Analysts have also questioned the projected consumer growth of 2 percent in view of a VAT hike on consumer goods from 10 to 14 percent which is expected to curb consumer growth. The government is counting on higher revenues from the VAT hike to help reduce the public finance deficit, along with spending cuts and other measures.
The IMF this week revised downward its estimate for Czech economic growth in 2012 –from a previous 2.9 percent to 1.8 percent of the GDP. At the same time, the IMF slightly upped its estimate for this year’s growth to 2.0 percent. The renewed estimates are part of a global economy outlook which is threatened by the EU’s debt crisis and the lack of a fiscal plan in the US. Czech analysts that next year’s economic growth could slide even lower should Europe’s leading economies slip into recession and pull the export-oriented Czech economy down with them.

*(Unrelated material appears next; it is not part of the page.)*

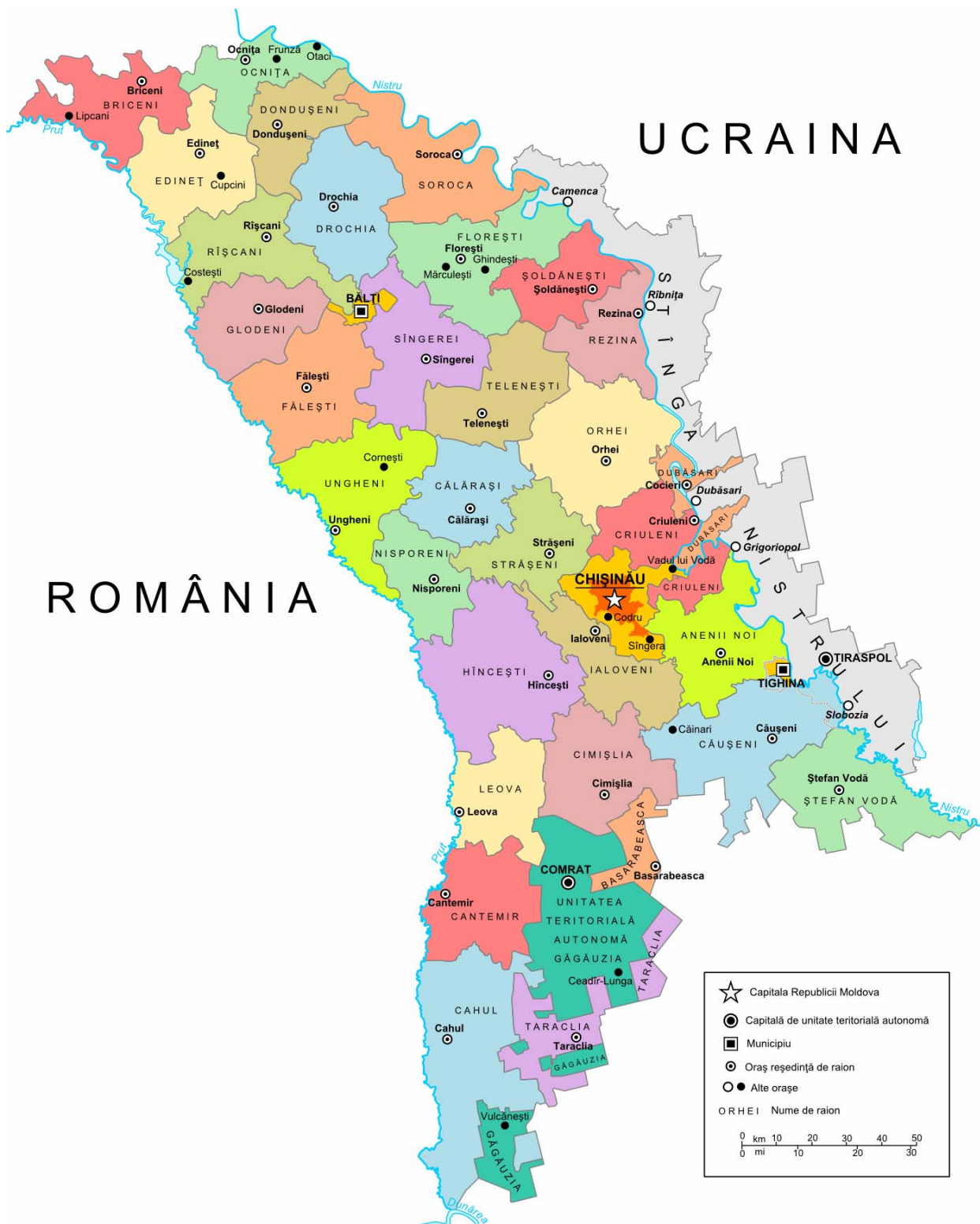
Harta editată la Chișinău.

The Czech unemployment rate remained essentially unchanged at 8.2 percent in August, data from the Labour Ministry showed Thursday. The unemployment rate for women came in at 10 percent and that for men was 6.8 percent. From 2004 until 2010, Czech Republic's unemployment rate averaged 7.8 percent reaching an historical high of 10.2 percent in February of 2004 and a record low of 5.0 percent in May of 2008.
Speaking at an international conference on the future of nuclear power in the town of Trebic this week Czech Industry and Trade Minister, Martin Kocourek, said the government was planning to extending the lifespan of the Czech Republic’s oldest nuclear power plant Dukovany, and build a fifth reactor block at the country’s other nuclear plant, Temelín after 2020. Last year Dukovany was the largest single source of power in the Czech Republic, outputting 14.176 TWh. Temelín, which currently has two reactor blocks, produced 13.820 TWh in 2010.
Wages in the Czech Republic rose by an average 2.5 percent in the second quarter of the year with wage hikes outstripping price rises for goods and services in the first half of the year, the Czech Statistical Office announced this week. The average wage climbed to just under 24,000 crowns in the second quarter with the 2.5 percent rise outstripping a 1.8 percent rise in the price of goods and services. Pay rises were spread out unevenly though with wages actually falling in the non-business sector by 0.9 percent and climbing in the business sector by 3.2 percent.
The number of dollar millionaires in the Czech Republic grew by more than 29 percent to 16,200 in 2010, according to a Global Wealth Management report published this week. Analysts say that the growing number of very rich people in the Czech Republic reflects the gradually widening gap in the Czech society between low and high income households.